On a Monday morning, two days before Halloween, two Yale students were trapped. Hurricane Sandy was expected to hit New Haven that night, and extracurriculars had been cancelled for the first time in 34 years. An executive order restricted anyone from going outside. “You could get ex-commed if you stepped outside,” said Alina Sidorova, ES ’16. “Challenge accepted,” thought a small but determined contingent of freshman.
“It was kind of hilarious,” said Sidorova.
“It was such a terrifying moment,” said Sara Hamilton, ES ’16, Sidorova’s roommate and partner-in-crime that night.
“That was such a funny day,” added Michael Marcel, ES ’16, a bystander-turned-savior in the event.
The premise was safe enough. On Old Campus, the apocalyptic circumstances had spurred not despair, but kinship. Perhaps it was the impending doom of the situation; perhaps it was the relief of not having to return to classes on Monday; or perhaps it was just a last-ditch procrastination technique to stall from finishing that essay or studying for that upcoming midterm. Regardless, the freshmen living in Farnam, Lawrence, and Welch decided to throw a rager. Sidorova and Hamilton, not wanting to miss the party, thought they could snake through the connecting buildings and find a way from their third floor suite in Lawrence to first-floor of Welch without technically breaking the “no one steps outside” rule.
Sidorova and Hamilton wandered into Phelps Hall, where they saw their opportunity: the open door to the elevator that connects Phelps to Welch. They entered the elevator, ecstatic at their good fortune, and descended onto the first floor of the building. But when they tried to exit, triumphant, they realized there was, literally, no return.
“We were suddenly trapped in this tiny entryway in Phelps Hall with no way to escape except through the heavily alarmed door,” Hamilton said.
“The only way for them to come back up in the elevator was if they had ‘legal’ elevator access, which they didn’t,” Marcel explained. “Our IDs didn’t work,” Sidorova recounted. They couldn’t get back up to the third floor. They couldn’t get anywhere.
Eventually, they realized that what they needed to do: they needed to get someone to call the elevator from the third floor. Luckily, Marcel was hunkering down with some other Stilesians inside Lawrence, picked up the phone when Sidorvoa called, and rushed to the rescue.
“All I had to do was push the button to go down,” he explained of his heroic rescue, with a shrug.
A few seconds later, Sidorova and Hamilton emerged cheering and screaming. “They came out and gave me a giant hug. It was great!” Marcel said.

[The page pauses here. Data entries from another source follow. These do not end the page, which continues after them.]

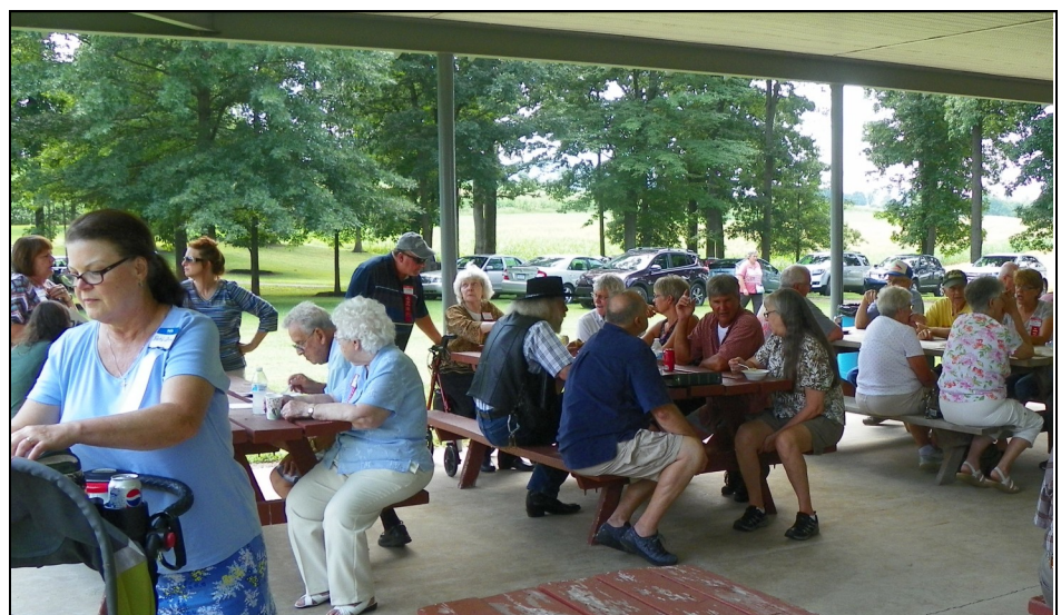
Beautiful grove, perfect weather and delicious food!
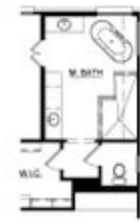
OPT. LUXURY MASTER BATHROOM

In a continuing effort to improve our products and communities, Antares Homes may (in its sole and exclusive discretion and without creating any obligation or notice) abandon, change, or otherwise modify plans, pricing, included features, home site availability, terms, etc. All images, renderings, dimensions, depictions or descriptions of home designs and layouts being offered are for representational and informational purposes only and may vary from the homes being built or completed improvements. All dimensions and designs are subject to field variations and modifications. © 2021 Antares Homes.
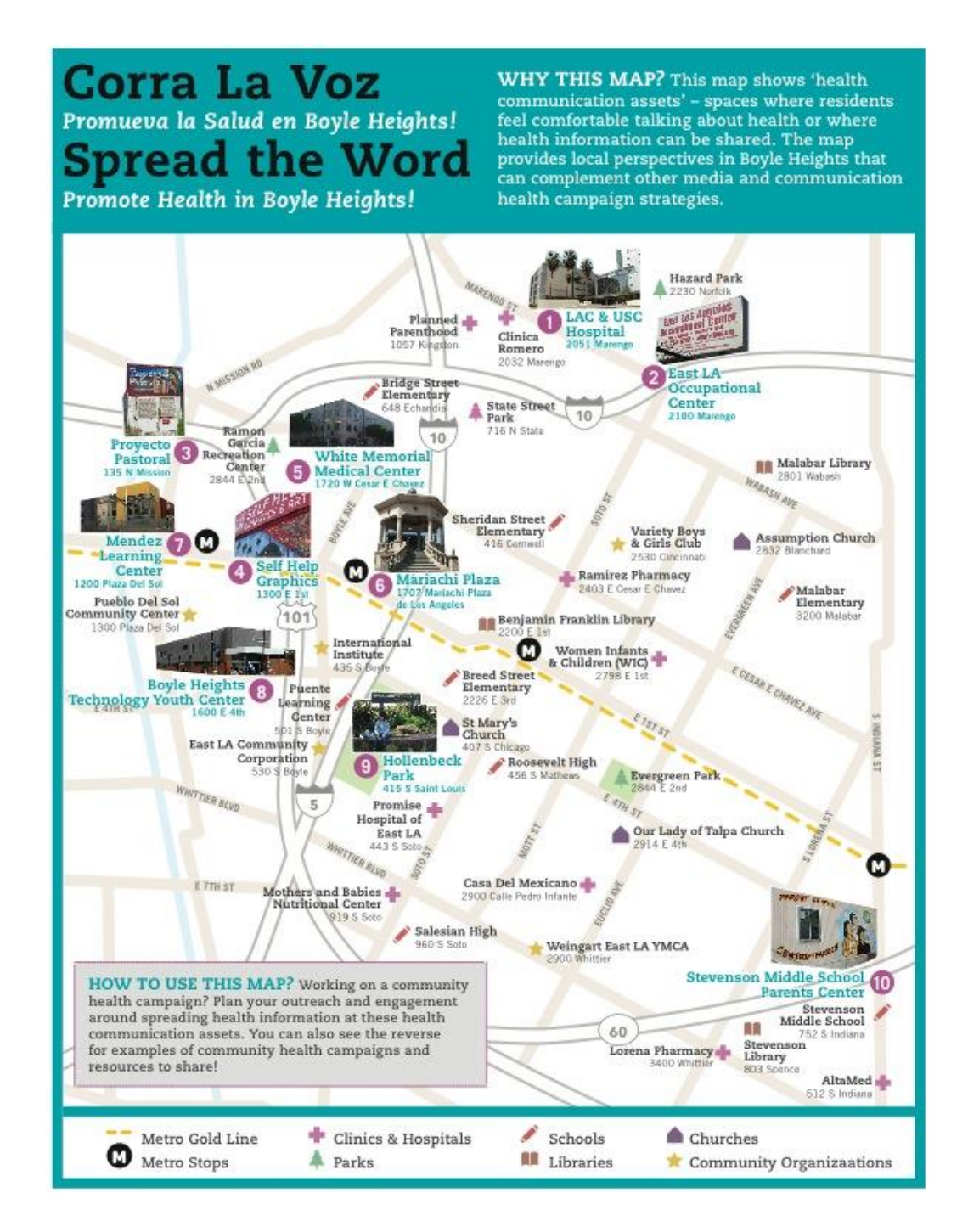
Figure 2. The front of the Boyle Heights communication asset map, mapped by the Promotoras.
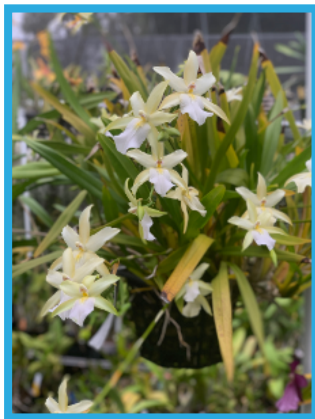
Miltonia regnellii v. alba
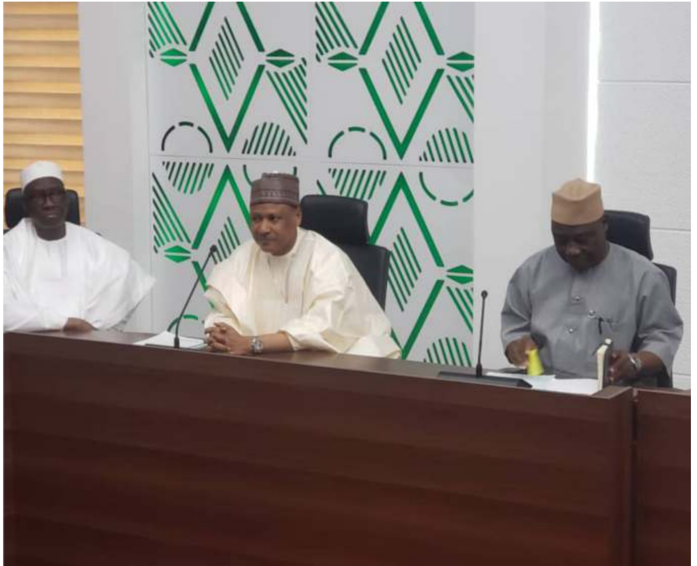
Minister of Information and National Orientation (middle) during the visit to Ibadan.

*Visits Ibadan, commiserates family of late Pa Akinkunmi, Oyo State Government
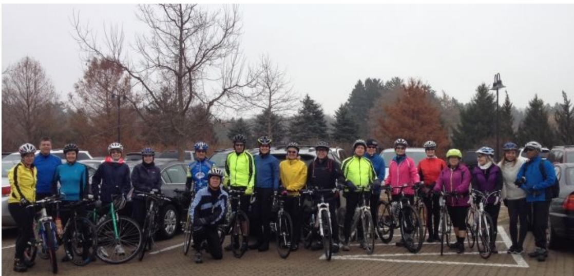
Quite a turnout for a cold Sunday in December!

I hope you would consider coming out this winter to give us a try.
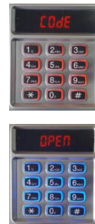
( Key Pad Part )

Material : ABS / Steel Cover Size : 33(H) X 56(W) X 46(D)mm 26(H) X 50(W) X 55(D)mm Weight : 195gr
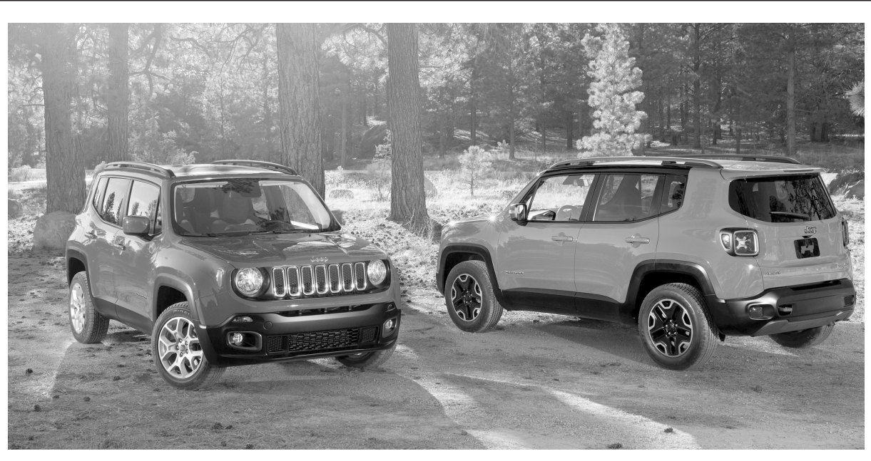
The 2015 Jeep® Renegade expands the brand's vehicle lineup, entering the growing small sport-utility vehicle (SUV) segment, while staying true to the adventurous lifestyle and 4x4 capability Jeep is known for.
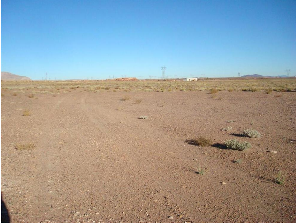
Photo 1. Black Hair No. 4 mine site
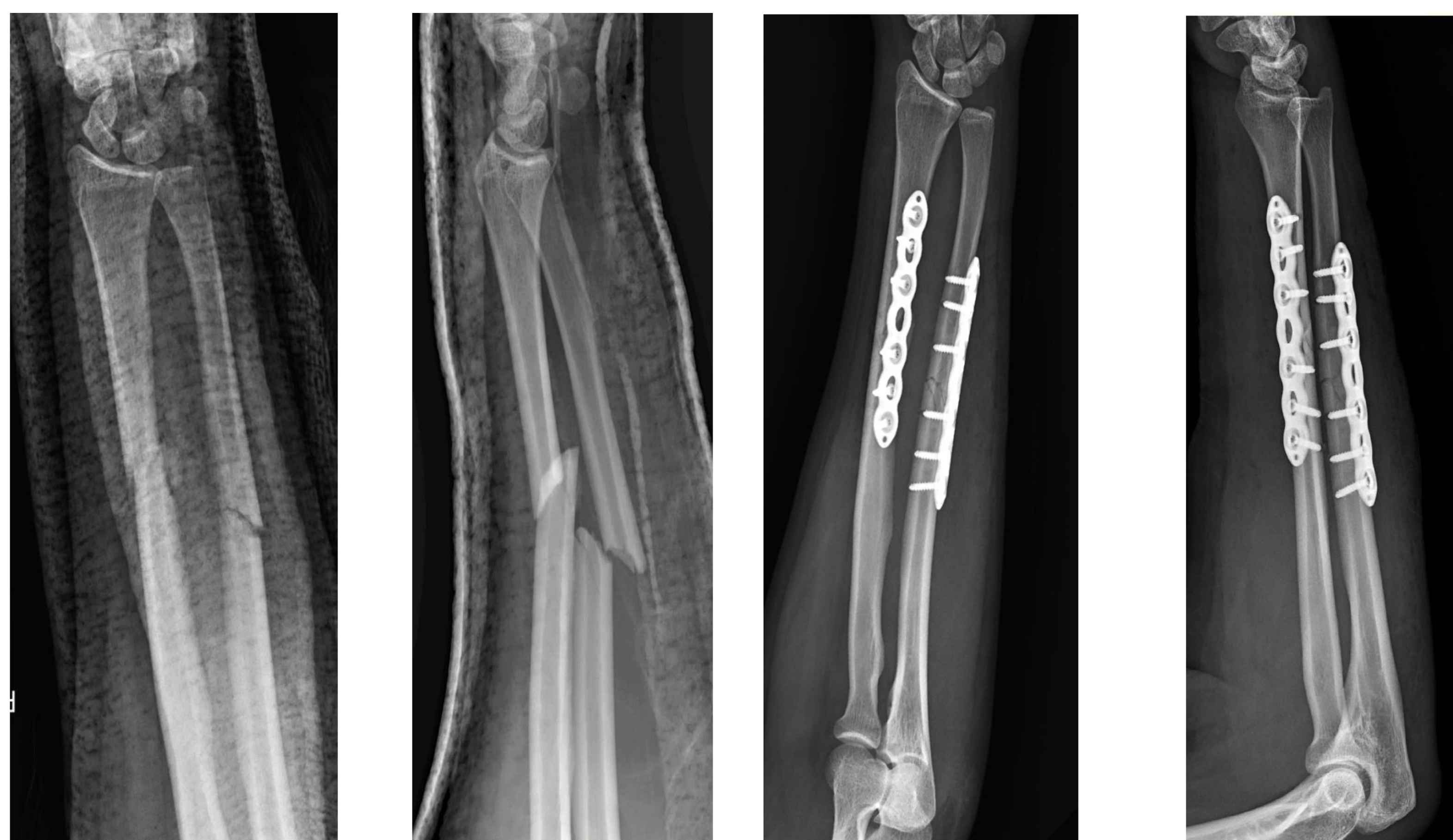
Fig 1: Pre-operative closed reduction X-Ray films

Can we film and produce high-quality educational video content for learners within the orthopaedic community?
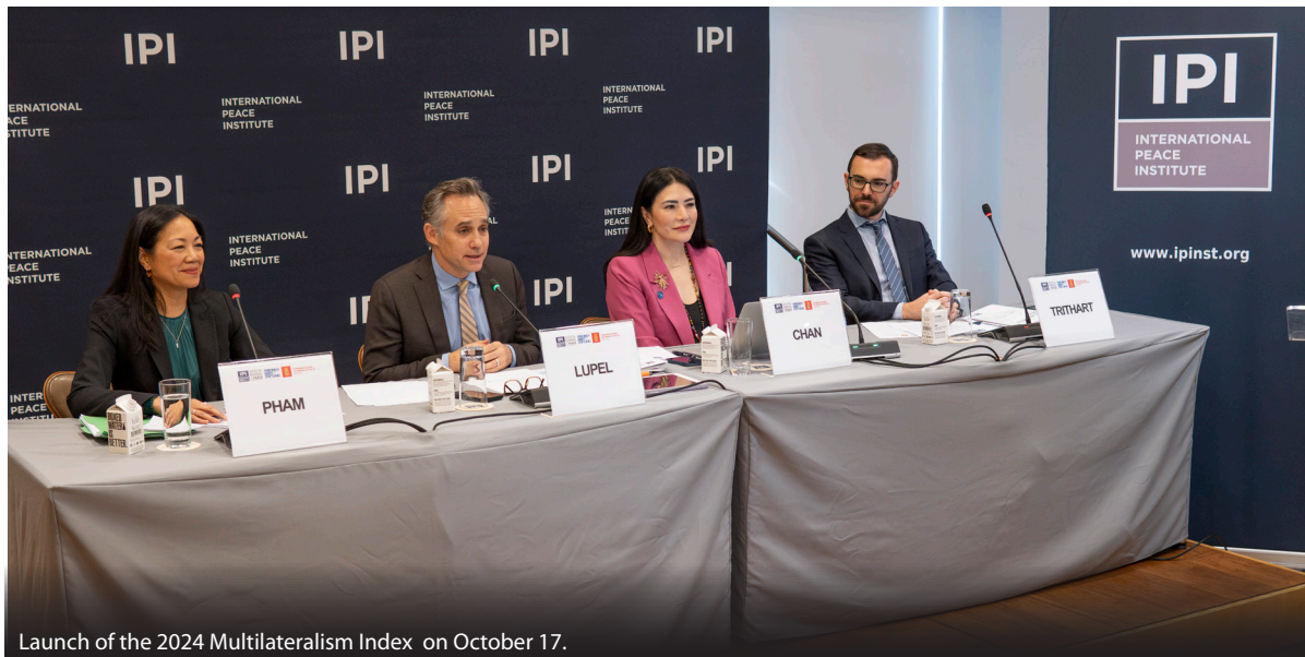
Launch of the 2024 Multilateralism Index on October 17.

This fall, IPI and the Institute for Economics and Peace launched the second edition of the Multilateralism Index. The Index measures the health of the multilateral system based on 45 indicators across the domains of peace and security, human rights, climate action, public health, and trade. Overall, data from the Index show that while participation in the multilateral system remains robust, performance has deteriorated across all five domains. The Index has helped stimulate conversation within the UN community, and IPI presented the findings to the German foreign ministry, at a launch event in New York, and during a visit to Singapore this November. Within the first two months of publication, the report was downloaded more than 37,000 times, and social media posts reached over 1 million people.

Looking back on it now, Sidorva admits that the moment is probably overdramatized in her mind, but all the same, it captured something essential about freshmen year on Old Campus. It was about taking stupid risks, ending up in a tiny and desolate space with no one but your closest friends, emerging somehow, through all of that, unscathed.
“We were invincible freshmen,” she said with a smile.